Now we’re back into the normal flow of things, I’ve been giving more talks about Brexit, and writing pieces for other sites. As I decried in my previous posts here (and here), a major challenge for pursuing Brexit is that there is no clarity on either side about what the objective might be.
That in turn makes it almost impossible to know how to get to a conclusion of any kind, let alone one that meets the needs of the various negotiating parties.
At the same time, I find myself increasingly bored with having to say that there’s no real plan on the table and that nobody is trying: it’s easy to take an ‘academic’ perspective and point out problems without offering any solutions. In that spirit, I’m going to offer a solution to you, right now.
In essence, what is proposed is a mechanism that could lead to a new UK-EU relationship. Recall that Article 50 only deals with immediate arrangements for a member state’s exit, running alongside another negotiation for the future. Practically speaking, the points below represent the second half of that Article 50 agreed text.
The first half would deal with the immediate practicalities of leaving – employment of UK nations in the institutions, re-location of agencies, etc – Andrew Duff and David Allen Green are good on these elements (here and here). Think of this as the partner moving out of the family home and the immediate changes that happen (‘I’m taking my toothbrush and a suitcase of clothes’): what follows is more like the divorce procedings proper.
The proposal is predicated three core assumptions. Firstly, that the UK must leave the EU, as per the referendum result. Secondly, that the EU27 are willing to tolerate some ambiguity and flux, if it maintains a working relationship with the UK. Thirdly, that since the UK is a member state now, it is easier to work from that starting point than one of no relationship at all.
I accept now that all three assumptions can be (and are) challenged, but in the absence of a solid and agreed alternative agenda, there is still a good chance that this approach might be acceptable.
In particular, the model doesn’t make any assumption about what the final relationship will look like. Rather than just tell you what my ‘red lines’ are – which is of little interest to anyone but me – it is aimed at encouraging a rolling debate in the UK (and the EU27) about where issues specifically lie and ways in which to address them.

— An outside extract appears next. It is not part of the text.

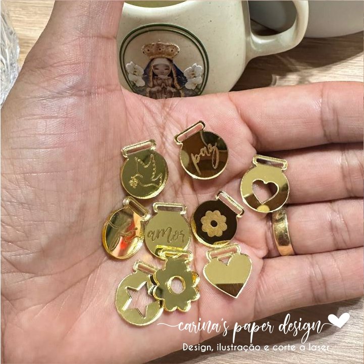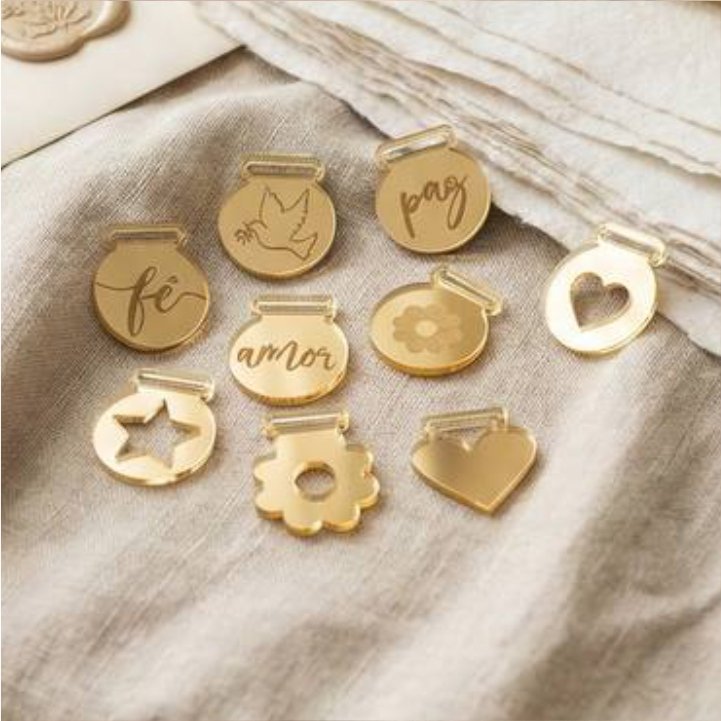 Variedade para sua Coleção: Disponibilizamos diversos modelos para você escolher o que melhor se adapta à sua linha de produção, incluindo palavras de afeto (Fé, Paz, Amor), ícones gravados (pomba, flor) e formatos com recortes vazados (coração, estrela).

Enough set-up, now for the detail. The text would cover the following core elements (comments in italics):
- Agreement would close Article 50: UK would cease to be an EU member state upon its entry into force (which would need unanimity, given the following content);
- UK would commit to continued respect of all current EU acquis, plus all further such, subject to revision as below. This address the issue of transitional states between the UK and EU;
- EU would commit to respecting UK’s transitional status when agreeing new decisions, with institutionalised dispute resolution mechanism (including sanctions). It would also grandfather UK’s participation into existing third-party agreements until revised terms could be agreed by UK. This addresses UK-third party relations in transition;
- Creation of a standing EU-UK committee at ministerial level until conclusion of final agreement;
- The UK will notify EU of intention to dis-apply areas of acquis. EU will provide binding and reasoned opinion on any knock-on effects within 3 month timeframe. UK would then confirm dis-application, at which point would come into effect, with detailed annex appended to this agreement. Reversal is also allowed, with Commission confirmation of compliance with then-current acquis. Budgetary adjustments would also be made, drawing on existing principles for allocation of income and expenditure. This is the main mechanism, with the EU being able to minimise challenges to the integrity of the four freedoms, while the UK is able identify specific de-applications of EU law/acquis. The reversal option is there to recognise that this will be a fluid arrangement that might need to adapt to changing circumstances;
- Requirement that UK leaves no longer than 6 months between notifications, otherwise EU will assume fixed UK position and will treat then-status quo as the legal text for the new relationship. UK can also notify EU that it has now reached final position, with same consequence. This aims at both ensuring a high level of interaction between the parties and avoidance of kicking matters into the long grass; it also short-circuits ratification issues long the line;
- Subsequent amendment of agreement would require amendment under agreed mechanism, but one that is more ponderous than the rolling mechanism outlined above. Again, in the spirit of a need for dynamic adaptation, this is simply the conventional amendment mechanism found in all third-party agreements;
- Optionally, agreement that should UK wish to re-join EU, an abbreviated re-accession procedure could be followed, with broad principle of a priori compliance with acquis (except in excepted areas), but continued Article 49 requirement to accept full requirements of membership (i.e. no a priori renewal of current British exemptions). The particular status of the UK as an ex-member state does matter, as for the foreseeable future it will continue to apply very substantial amounts of the acquis: however, this clause would sit within the current treaty provisions and would be a marker of intended on-going close relations.
Some final comments
This is a sketch of an idea, but one that I want to come back to. I appreciate that many readers will have problems with it, and I’d like to read those. Recall however that the intention is to establish a framework, not a particular objective. For this to work, it needs a British government that is sufficiently engaged with the matter both to support public debate within the UK and to discuss matters with the EU27. It also needs an EU27 that feel that UK will be a reliable negotiating partner: if not, then it is unlikely to support this kind of approach.